For U.S. consumers, going solar is usually a major undertaking, involving tens of thousands of dollars, months of logistics, a slew of financing options, and ever-changing incentives.
But in Germany, upwards of a million customers — homeowners and renters alike — are simply plugging in small, affordable solar arrays to standard power outlets. These small systems are, by law, 800 watts or less, a fraction of the size of a typical rooftop solar system in the U.S. Often called “balcony solar,” these panels can live essentially anywhere with sufficient sunlight: on balconies or patios, or mounted on exterior walls or flat rooftops.
But while governments across the EU have simplified regulations to make installation a quick, DIY process, and utility approval little more than a formality — unleashing a wave of consumer demand in the process — the U.S. has so far failed to follow suit. Here, utility regulations prohibit customers from feeding power back into the grid without a formal interconnection agreement, a process that involves lots of time and paperwork.
Utilities in the U.S. want to account for all electricity sources on the grid, since theoretically, even small plug-in systems could have a cumulative impact on local voltage and power quality, whereas in Germany, for example, this is less of a concern. There, plug-in solar-specific policy caps these systems’ generating capacity, and the grid and metering infrastructure has been more extensively modernized to handle distributed energy generation.
Now, however, there are a number of domestic plug-in solar startups finding creative ways to navigate the constraints of the U.S. market. One of them, the nonprofit Bright Saver, announced on Wednesday that it’s raised $500,000 in new funding from TrueVentures.org and a handful of individual backers. The company gets around power export regulations by selling panels with very low wattage. “So we’re talking 200- or 220-watt systems that never backfeed to the grid, because we think close to every typical household will consume that electricity immediately, simply with the refrigerator,” Cora Stryker, the company’s co-founder, told me.
The San Francisco-based startup has sold a couple dozen systems already and has a waitlist of about 1,500 people, Stryker said. So far, she told me, the majority of this “early adoption crowd” is mainly interested in reducing their own emissions. “We think that’ll change over time,” she said. “The mass adoption in Germany has been driven not by that climate-conscious crowd, but really people who want to save money.”
The main drawback to Bright Saver’s approach, however, is also what makes it possible in the first place: the panels’ incredibly small size, which can’t come close to covering a home’s full power needs. So while the upfront cost of a 200-watt panel is small — $399 at the moment — a customer’s energy savings will also be tiny — potentially on the order of just a few bucks per month. Depending on the location, the savings will eclipse the total cost in about five to 10 years, Stryker told me.

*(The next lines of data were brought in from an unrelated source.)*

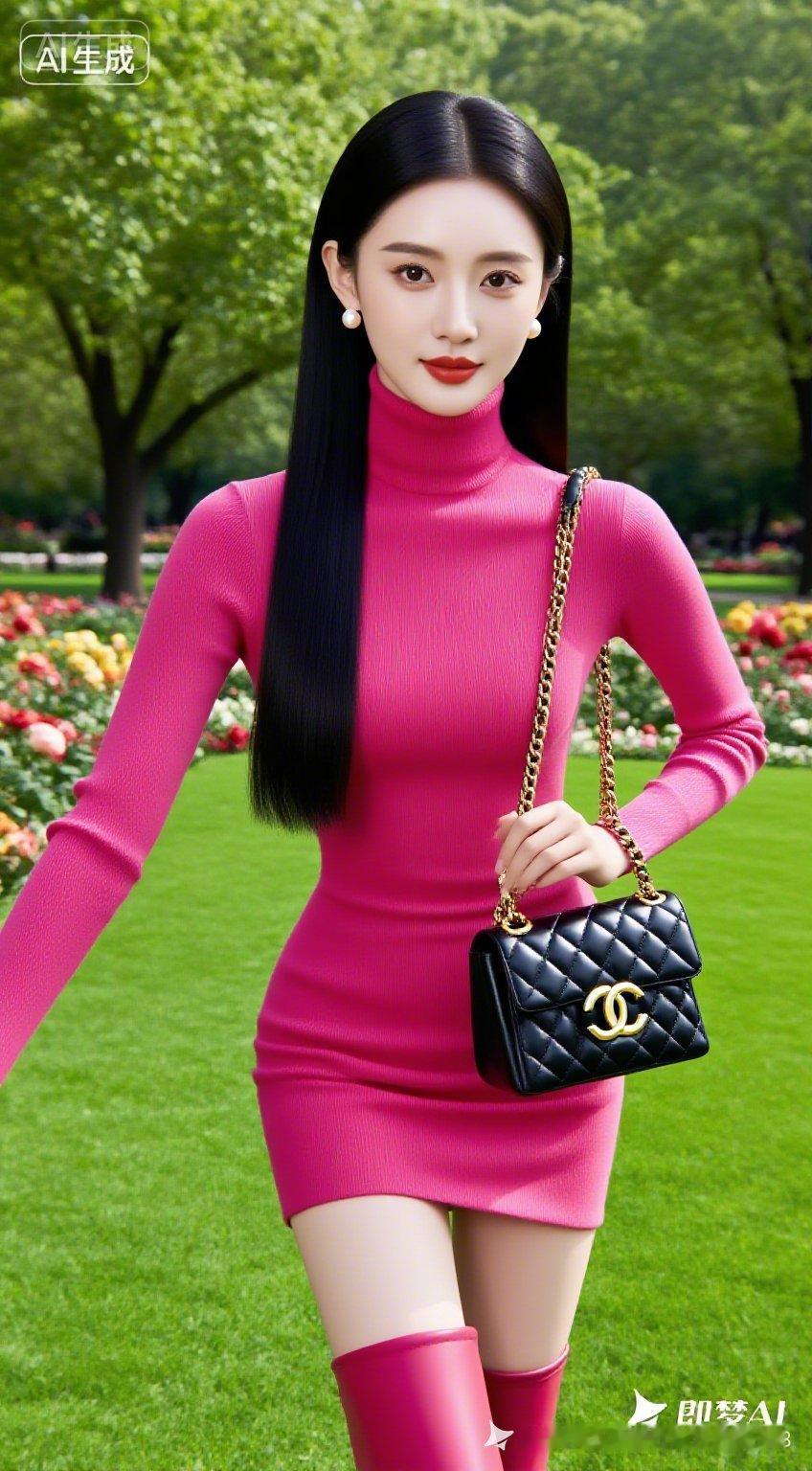 粉色连衣裙搭配黑色链条包,优雅气质满满!💕
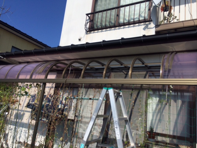 冬が来る前に、落雪で破損したパネル修理です!樋も壊れていましたので交換します(^ ^)
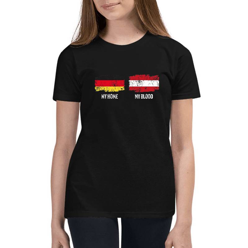 Home Germany blood Austria flag design artwork printed on Youth T-Shirt with latest DTF technology. Our new management team will place serving you. We offer best online shopping experience to our customers with 30 days return and exchange policy. Shop with confidence at T-funny.com
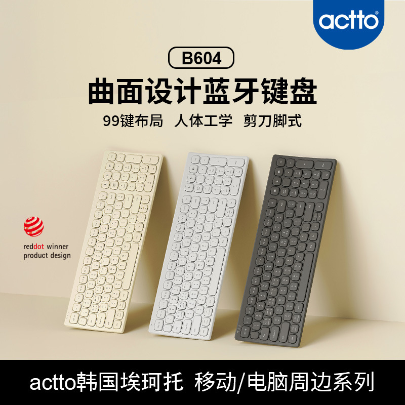 actto三模曲面蓝牙键盘定制 B604曲面99键剪刀脚人体工学静音键盘
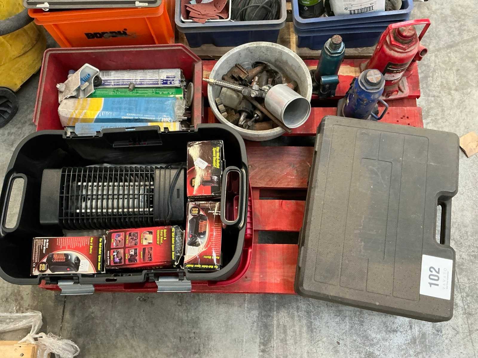 Waaronder verwarmingselementen, hydraulische jacks, spuit-toebehoren en lasbagetten. Liggende op 1 pallet. Nee
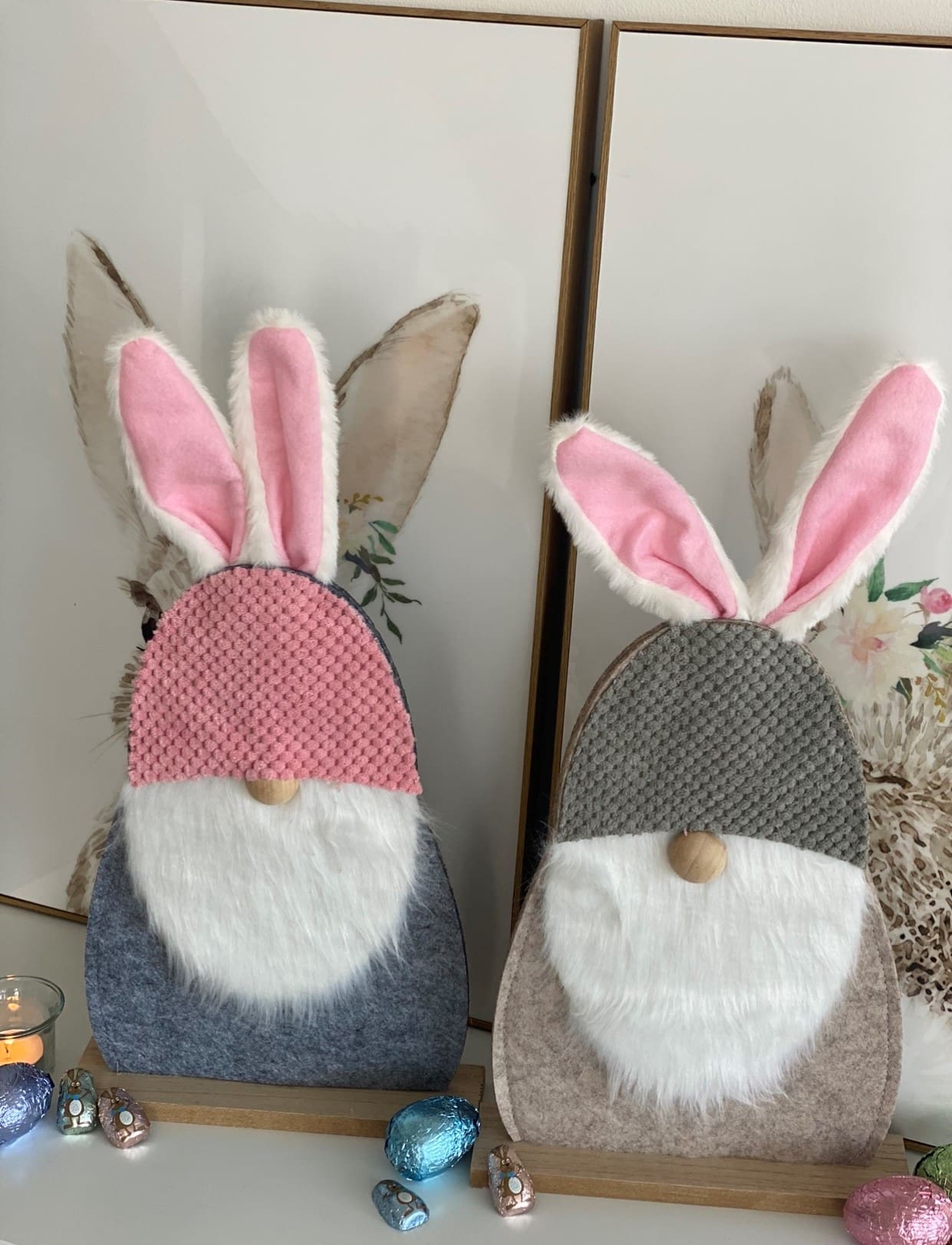 An alternative version to your generic Easter bunny! Two different colours – pink hat and grey hat. Pink Hat Grey Hat
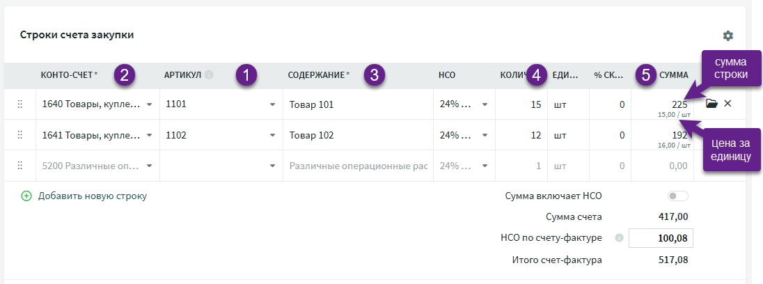Добавьте новый счет закупки и начните с заполнения данных о поставщике и общих сведений счета. В строках счета важно сначала выбрать артикул.
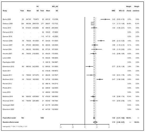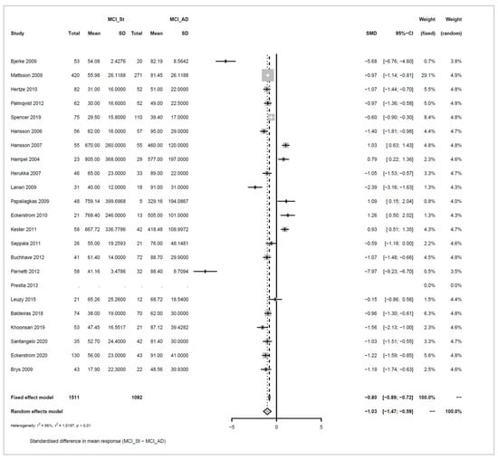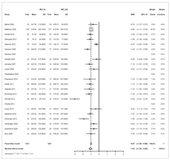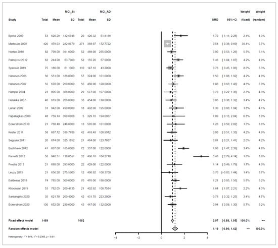 Meta-analysis of studies investigating CSF T-tau levels for non-progressive MCI (MCI_St) versus progressive MCI (MCI_AD), see Appendix A.3.1 [,,,,,,,,,,,,,,,,,,].
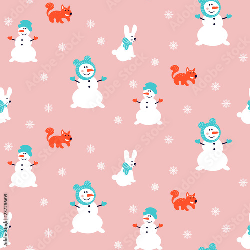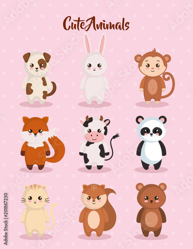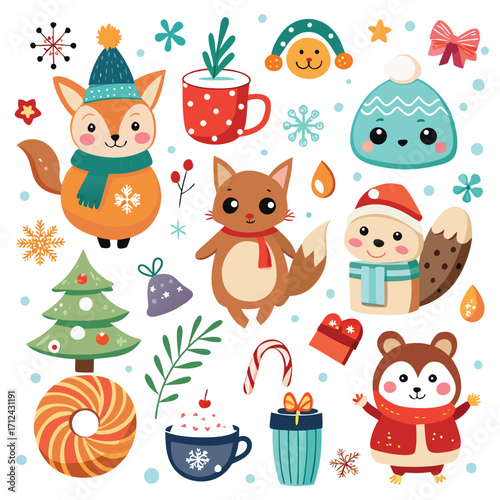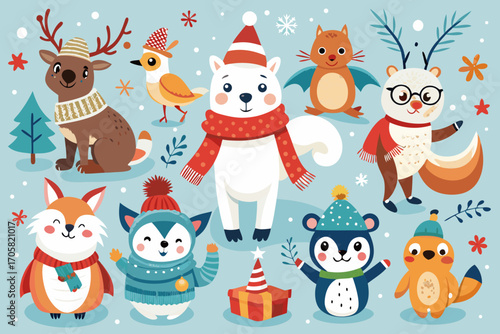 Christmas animals. Vector illustration isolated on white background. Cute raccoon hedgehog deer owl rabbit fox squirrel and bear with christmas decorations for greeting card, sticker, print.
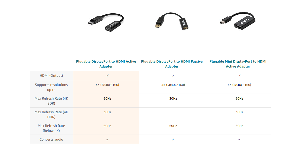How important is an Active Adapter? Active Adapters use an integrated chipset to convert the DisplayPort signal from the computer to an HDMI signal. The Plugable adapter supports resolutions up to 4K (3840x2160) 60Hz on displays with Standard Dynamic Range (SDR), and 4K 30Hz with High Dynamic Range (HDR) capable displays.
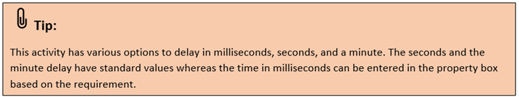 Also, only the Delay in MS(Milliseconds) activity has an option in the property box to increase or decrease the milliseconds value.
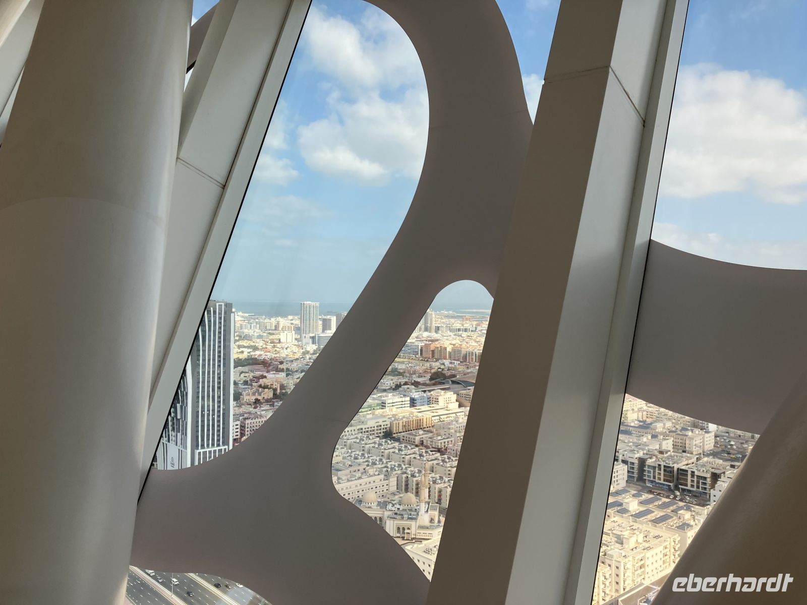 Heute endlich wollten wir hoch hinaus, auf den höchsten Turm der Welt, den Burj Kahlifa. Wir erlebten ihn bunt angeleuchtet, bewunderten ihn stets von Weitem, doch jetzt begaben wir uns ins Innere des Burj Khalifa. Im übrigen gründet das Gebäude mit seiner unverkennbaren dreiblättrigen Form auf der Blüte der Schönlilie. Diese Wüstenblume soll den weltberühmten Architekten Adrian Smith bei dem Design des Wolkenkratzers inspiriert und begleitet haben. Genau genommen, erklommen wir also eine Blume. So vieles gäbe es über dieses Bauwerk zu sagen, doch im Endeffekt heißt es Erleben und Erspüren. Kribbelte es im Bauch als wir auf die Plattform ins Freie traten? Spürten wir Druck auf den Ohren als wir mit 10m/s die längste Fahrt weltweit in einem Aufzug antraten?
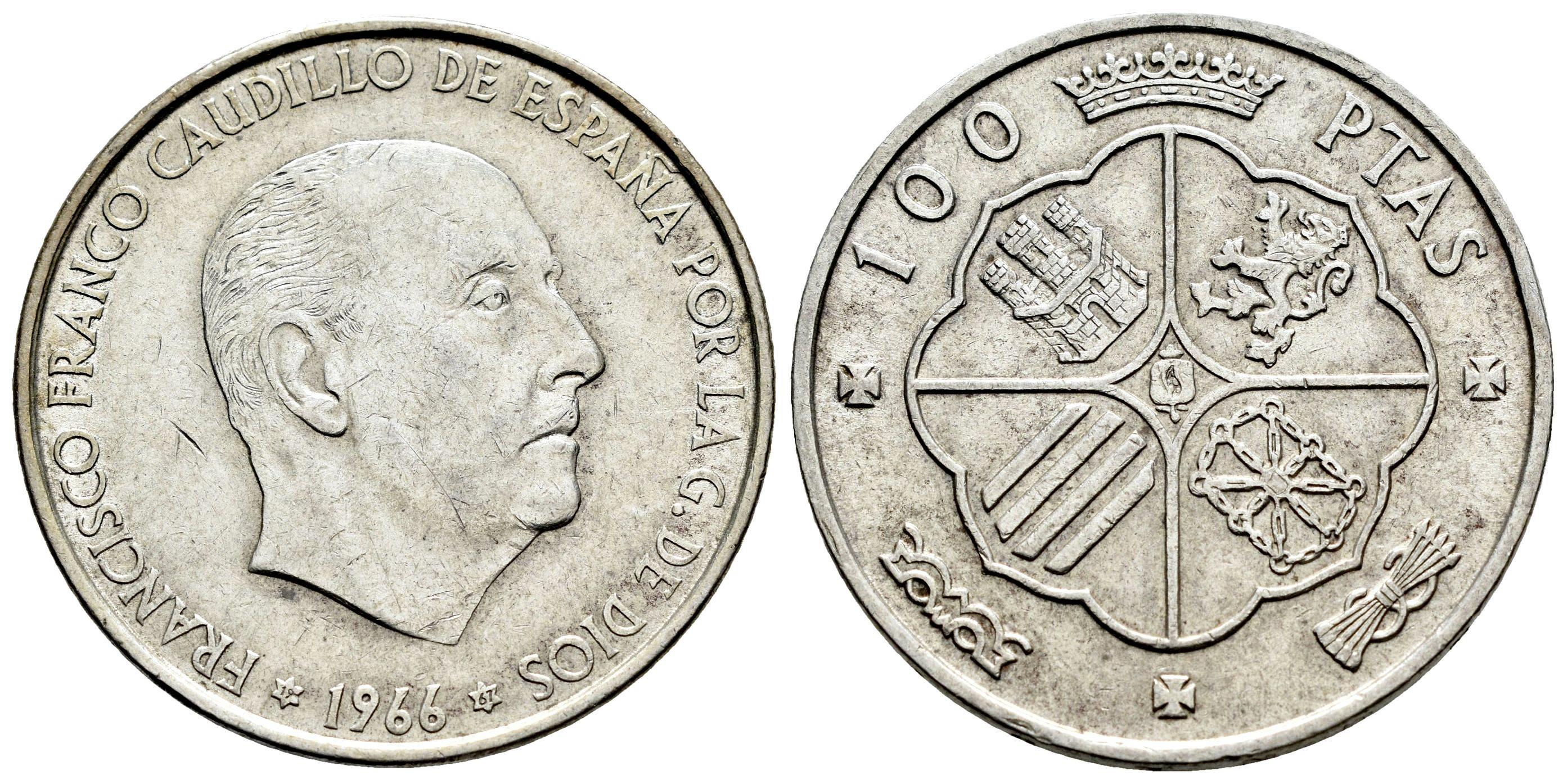Estado Español (1936-1975). 100 pesetas. 1966*19-67. Madrid. (Cal-146). Ag. 18,86 g. Golpecitos. MBC+. Est...10,00.
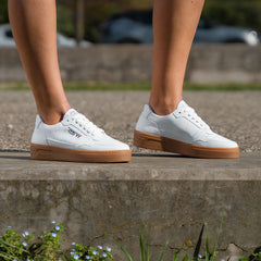 The crisp upper keeps the look minimal and versatile, while the brown sole brings vintage character and earthy balance.
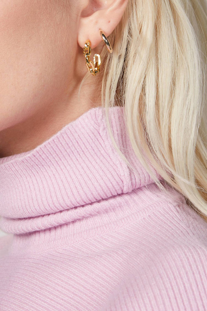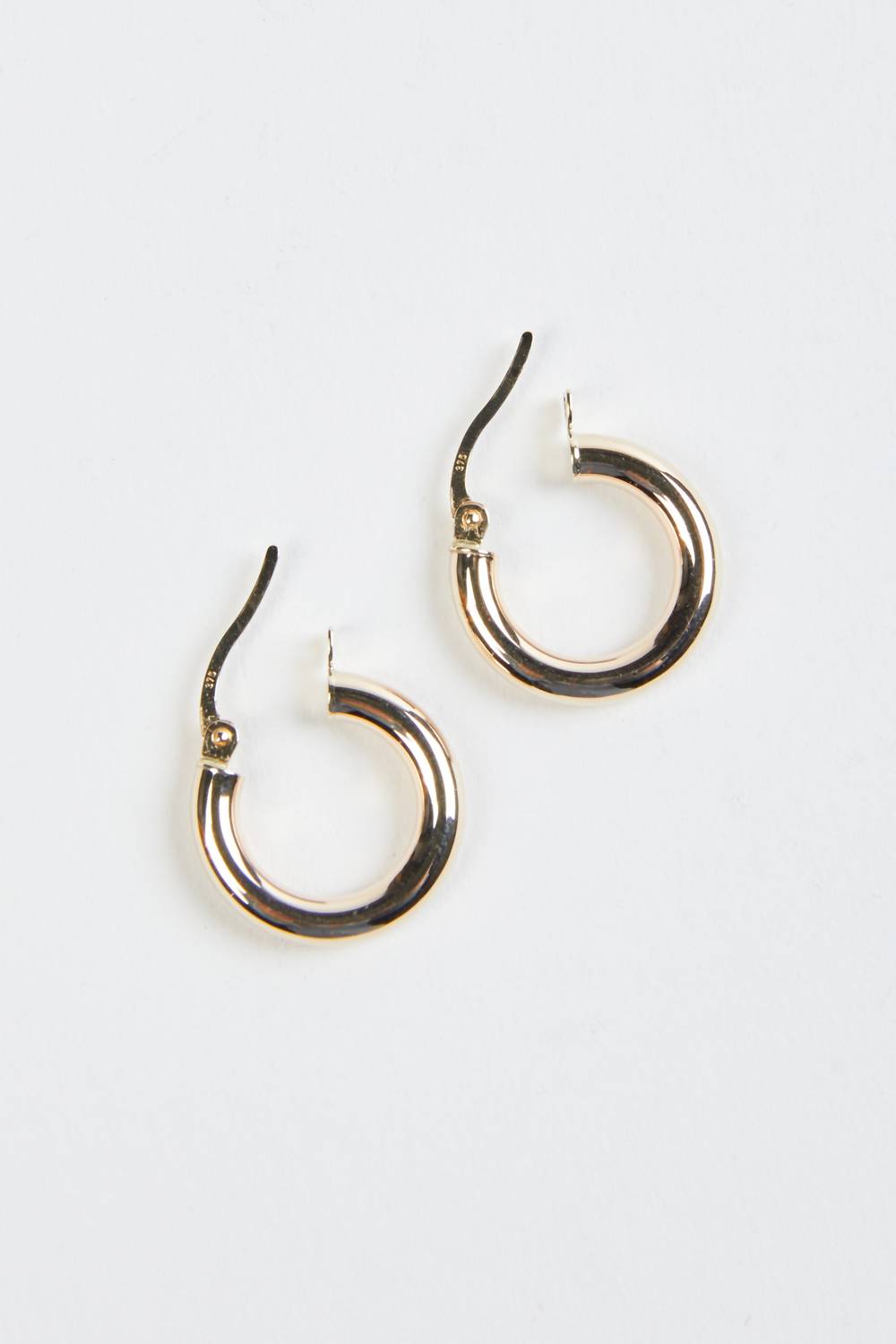 These Bianca Hoops in Gold by Vermeer Studio are a stunning accessory for any occasion. The 10mm diameter hollow hoops are handcrafted in Australia, creating a unique and refined look. These hoops are perfect for adding a touch of elegance to your daily ensemble. Layer them with other earrings, such as the Rainbow Huggie, to complete a chic, stylish look.
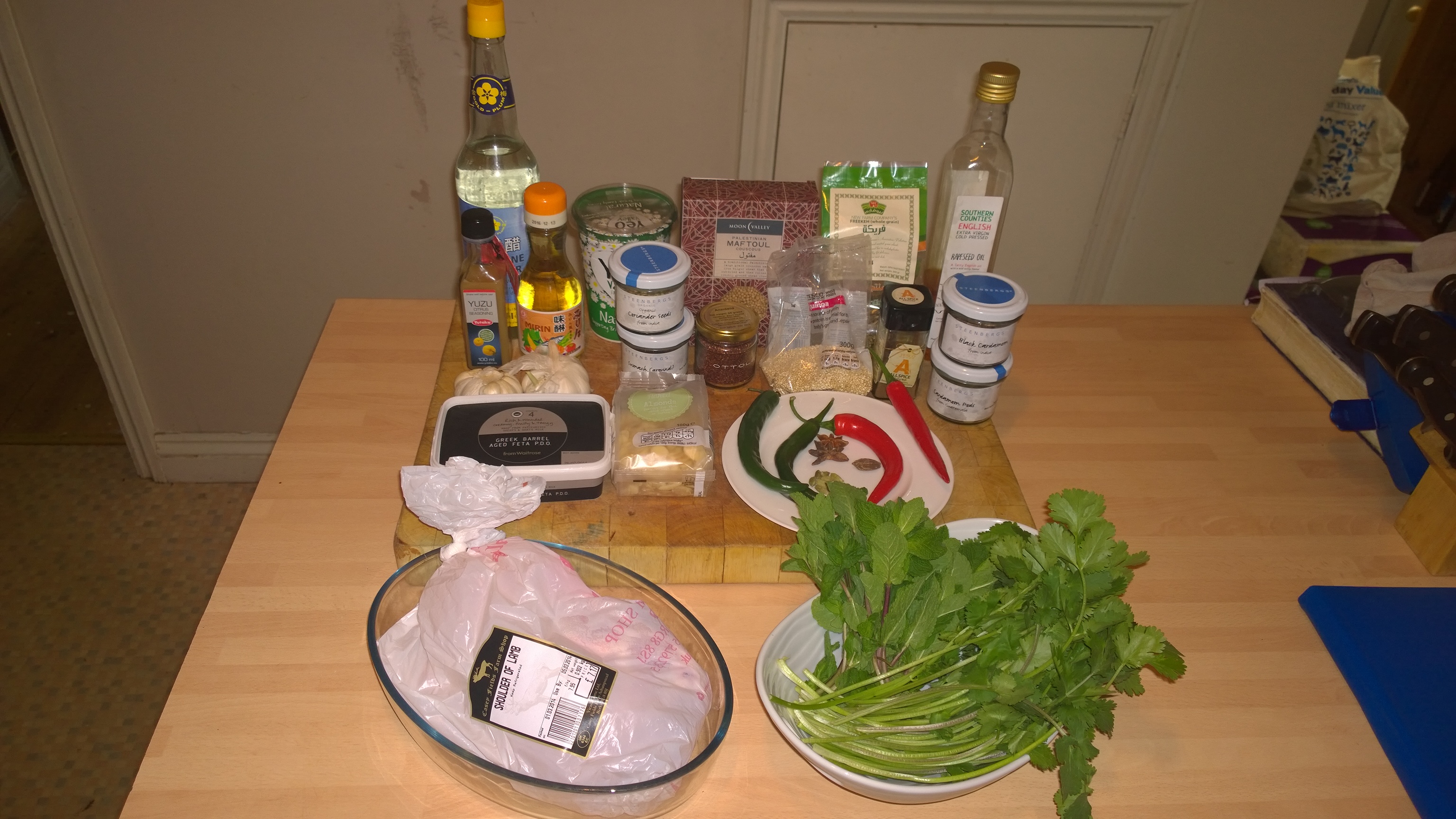 When the lamb is marinated, place in a roasting dish and cover with tin foil, stick in an oven set to 130 deg (fan) 150 deg (convection) and cook for 4 hours till meltingly tender. An hour before the lamb is finished cooking you can start to prepare the rest of the ingredients. Check the cooking instructions on each of the grains, the Maftoul can either be boiled or steamed, the other grains are usually boiled until just tender.

That might not be enticing enough to convince a critical mass of customers to jump onboard the small-scale solar train. But Stryker thinks that getting these products out into the world will help catalyze the type of curiosity and interest that can dovetail into policy change. “Selling product in the next year or two is a small revenue stream for us, but it’s also our theory of change,” she told me. “These need to get out there in order for people to know they even exist.”
Much of Bright Saver’s work involves advocating for easing plug-in solar regulations, which is already starting to happen, bit by bit. In March, the Utah state legislature unanimously passed a bill creating a new category for “small portable solar generation devices” under 1,200 watts, exempting them from interconnection requirements. Stryker told me that Utah’s governor was inspired to introduce the bill after reading a story in The New York Times about balcony solar’s success in Germany.
Now more states, including Vermont, Maryland, and Pennsylvania, are expressing interest in similar legislation. If just a few more get onboard, Stryker told me that would be a critical tipping point. “We’ve had conversations with manufacturers and investors who tell us straight up, they’re not coming to the U.S. market because they see only one state where they’re not going to run into these regulatory concerns,” she said. “They tell us privately, five to seven more states and they’re in. So that’s a key threshold for us.”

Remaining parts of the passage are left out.